FIG. 1 is a perspective view of a state before assembly of a bracelet according to the present invention. In FIG. 1, the first printed circuit sheet is second through an intermediate portion disposed so as to be positioned under a watch case. The intermediate portion includes means for ensuring electrical continuity between the first printed circuit sheet and the second printed circuit sheet, and further for a watch case. A rigid insert that serves as a seat for the head is placed. FIG. 2 is a view similar to FIG. 1, wherein the first printed circuit sheet and the second printed circuit sheet are overmolded with a first layer of plastic or elastomeric material. 3A is a vertical cross-sectional view along the longitudinal axis of the bracelet of FIG. FIG. 3B is an enlarged view of a circled region in FIG. 3A. FIG. 4 is a view of a sleeve into which the bracelet of FIG. 2 is inserted. 5A and 5B show the case where the sleeve of FIG. 4 has an upper band and a lower band, in which case the bracelet according to the invention is arranged between the upper band and the lower band, The lower bands are assembled together along the periphery, for example by stitching or heat welding. FIG. 6 shows a case where the intermediate portion is composed of only one arch portion for supporting a conductive path that electrically connects the first and second printed circuit board portions to each other. FIG. 7 is an enlarged detail view of one of the guide elements of the insert, in which a pressure sensor is accommodated with a seal gasket interposed. FIG. 8 is an enlarged detailed view of the other guide element, in which a light guide is housed for guiding the light emitted from the point light source to the outside. FIG. 9 is an enlarged detail view of a region where one of the bracelet arms is connected to the watch case and where the button battery and the push button are arranged. FIG. 10 is a bottom view of the button battery shown in FIG. FIG. 11 is a perspective view of a state before assembly of a button battery, a push button, and a printed circuit board portion on which the button battery and the push button are mounted. FIG. 12 is a vertical cross-sectional view along the longitudinal axis of a bracelet according to the present invention with a mid-spindle deploy buckle on which a push button is placed.

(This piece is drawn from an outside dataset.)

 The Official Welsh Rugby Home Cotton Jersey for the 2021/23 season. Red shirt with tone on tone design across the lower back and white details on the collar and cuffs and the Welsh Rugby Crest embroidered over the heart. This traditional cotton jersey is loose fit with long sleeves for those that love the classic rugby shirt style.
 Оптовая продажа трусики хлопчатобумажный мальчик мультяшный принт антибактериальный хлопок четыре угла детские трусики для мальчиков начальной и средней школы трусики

  The present invention is for energizing and controlling at least one electronic component configured to perform a corresponding electronic function in a watch case housing a watch movement, preferably but not limited to a mechanical movement. A general inventive concept has been developed which includes attaching a bracelet or strap containing at least one electrical energy source and a microcontroller within its thickness. By providing an operation element such as a push button, the user can input a control signal to the microcontroller. To this end, the present invention requires that the push button be placed on a rigid surface that can be formed, for example, by an electrical energy source provided in the bracelet or by a mid-end deployment buckle. The rigid surface provides the push button with a support surface that gives a force sensation in response to the user pressing the push button so that the user can properly press the push button. , You can be confident that your instructions have been incorporated. If the push button was simply placed within the thickness of a bracelet made of a conventional flexible material such as plastic or elastomer without being placed on a rigid surface, it was given to the push button It is believed that the bracelet will deform under the influence of pressure, which will at least partially offset the force applied to the push button by the user, and the user will operate the push button properly. As a result, the control signal cannot be surely transmitted to the microcontroller.

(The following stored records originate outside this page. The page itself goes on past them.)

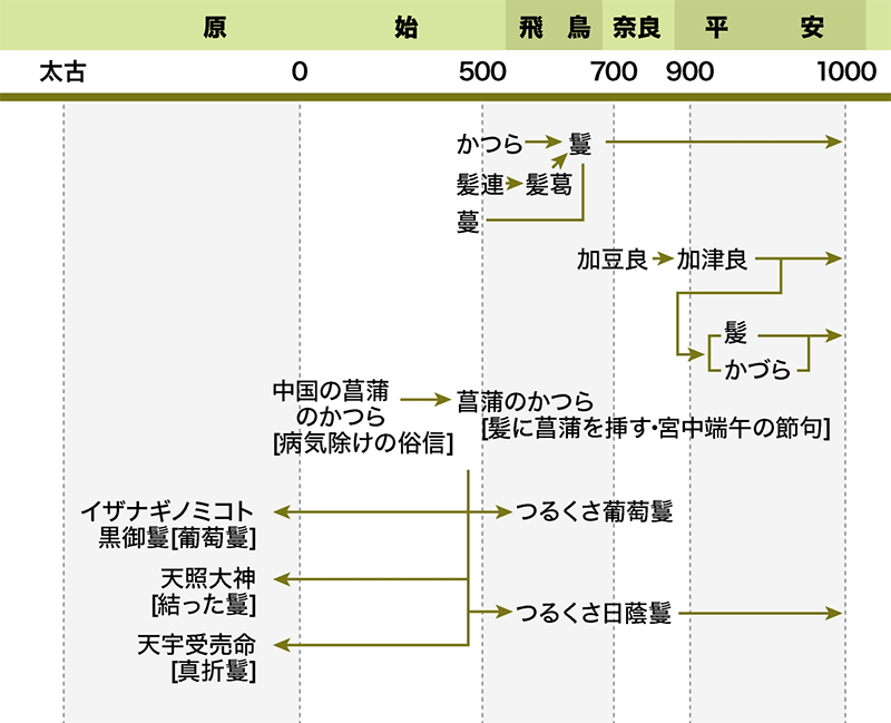 「か」は「髪」、「つら」は「つる」つまり「つるくさ(蔓)」を表現しています。それはさらに髪に連なる意味と、蔓が長く連なっていることなどから「髪連(かつら/[かみつら])」となり、「髪葛(かつら/[かみかづら])」となりました。植物の葛は鬘に通じています。漢字のつるくさは蔓と書き、日本ではかつらはくさかんむりを、かみかんむりにして鬘と転じました。つるくさは、もともと神秘的な力が宿っていると信じられていて、古代の人はこれを頭に巻いて祈りをささげていました。これは、今日の大嘗祭にも冠鬘として伝わっています。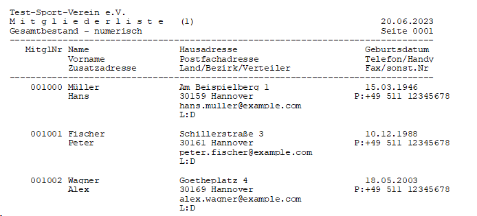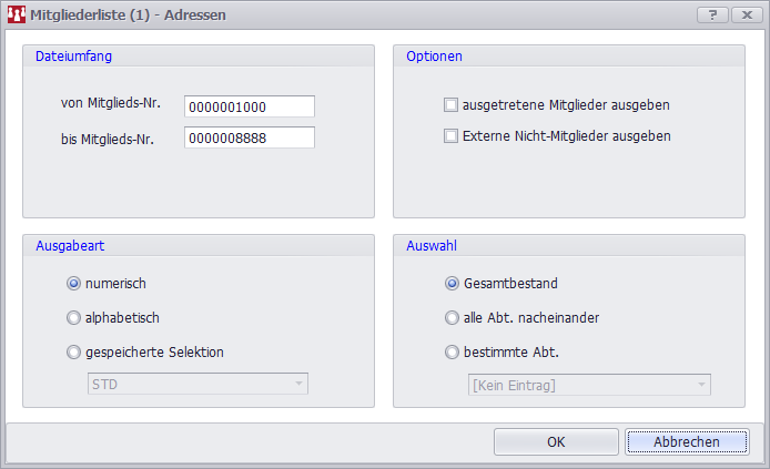 Generell können bei jeder Mitgliederliste ausgetretene Mitglieder wahlweise mit ausgegeben werden. Bei diesen Mitgliedern erfolgt hinter der Mitgliedsnummer eine Kenntlichmachung mit ' * '.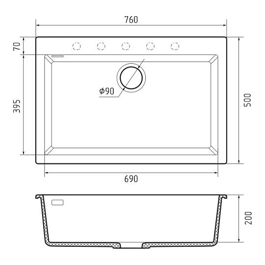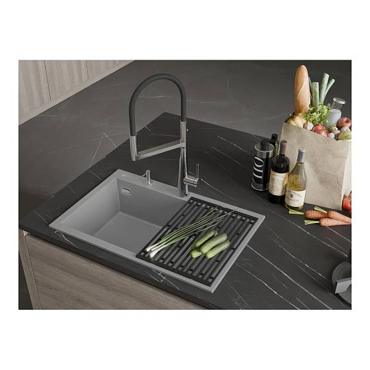 Кухонная мойка Rivelato ZENO ZN-7650, серый. Для кухонного шкафа 80 см. Материал — кварцевый композит. Производство: Италия. Гарантийный срок: 5 лет.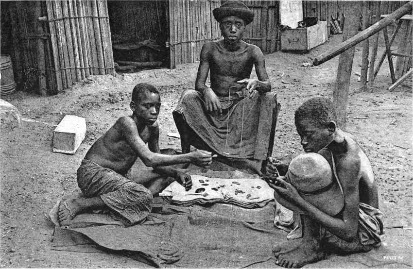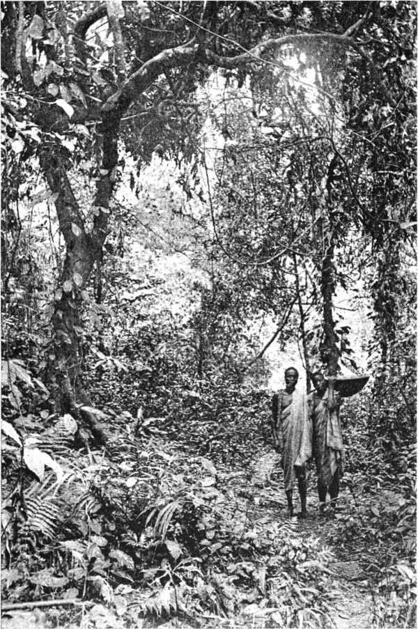 Sentier de forêt dans l’Indénié. Indigènes allant laver la terre aurifère 142

  FIG. 1 is a perspective view of the bracelet according to the present invention before assembly. The bracelet, generally indicated by the reference numeral 1, includes a first arm 2 that accommodates a first printed circuit board portion 4 therein, and an intermediate portion 8 that is disposed so as to be positioned under a watch case 10. And a second arm 6 connected to the first arm 2.

  In that embodiment, the watch bracelet according to the present invention has only one printed circuit board part housed inside either one of the two arms of the bracelet. However, in the preferred embodiment of the invention described below, the printed circuit board portions are housed within both of the two arms of the bracelet and are interconnected by an intermediate portion. By reading the following description, this preferred embodiment of the present invention allows the use of a larger surface area of the printed circuit board to implement a larger number of electronic components and electrical energy sources, thereby It will be appreciated that more electronic functions as well as higher autonomy can be provided to the user.

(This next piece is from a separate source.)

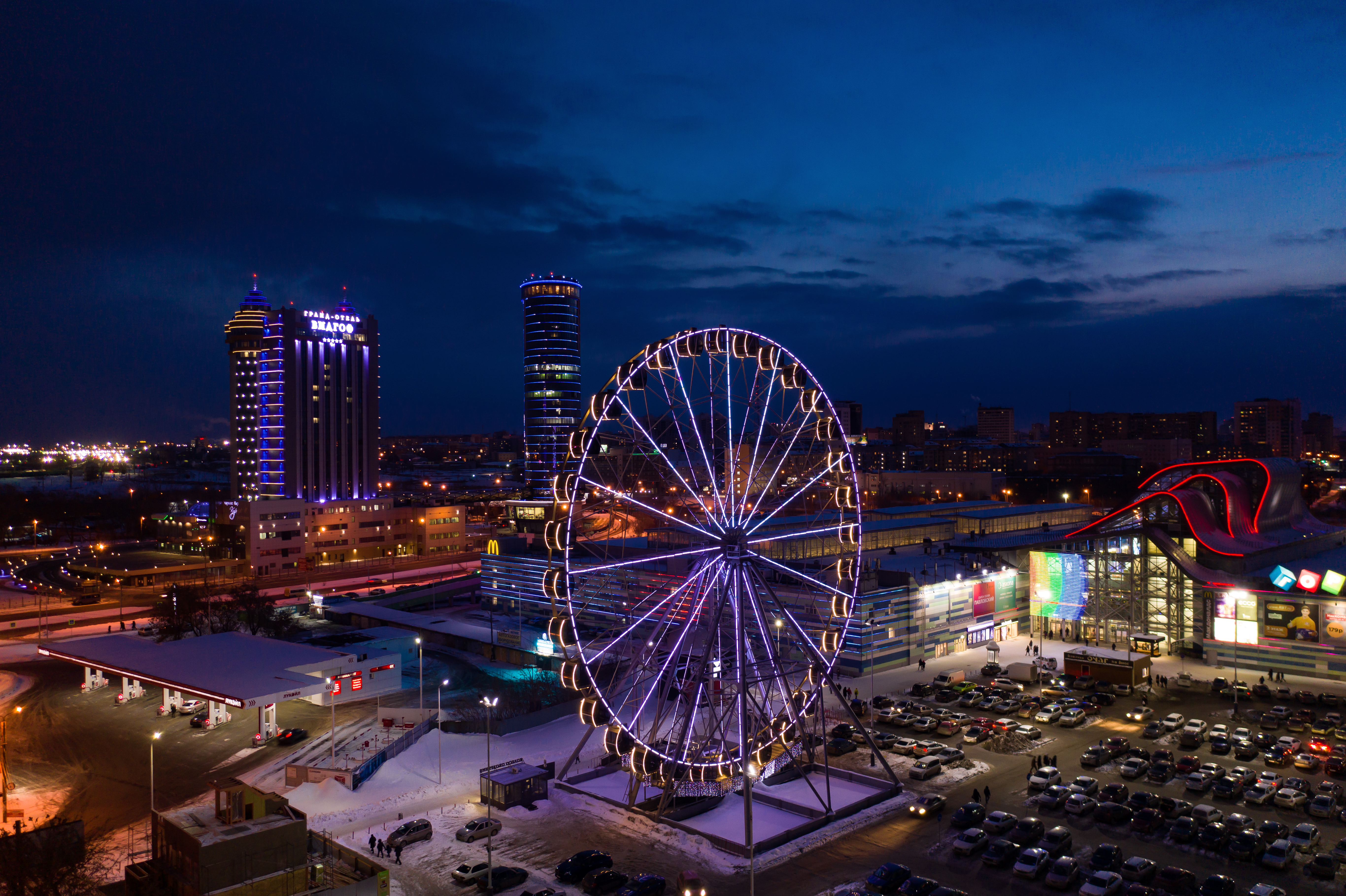 Ночной Челябинск. Вид на ТРК Горки, отель Видгоф.

  Accordingly, the second arm 6 has a second printed circuit board portion 12, which ensures electrical continuity between the first printed circuit board portion 4 and the second printed circuit board portion 12. It is connected to the first printed circuit board part 4 by a general connection means.

  The second printed circuit board portion 12 may be electrically isolated from the first printed circuit board portion 4. However, in that case, it is necessary to provide an electrical connection means such as a wire between the first printed circuit board portion 4 and the second printed circuit board portion 12, but this is not always so simple. It is not or is not very robust. For this reason, in a preferred embodiment of the present invention, the third printed circuit board portion 14 accommodated in the intermediate part 8 is replaced with the first and second arms 2, 6 of the bracelet 1. The second printed circuit board portions 4 and 12 are integrally formed. The third printed circuit board portion 14 has one or more conductive paths for ensuring electrical continuity between the first and second printed circuit board portions 4, 12.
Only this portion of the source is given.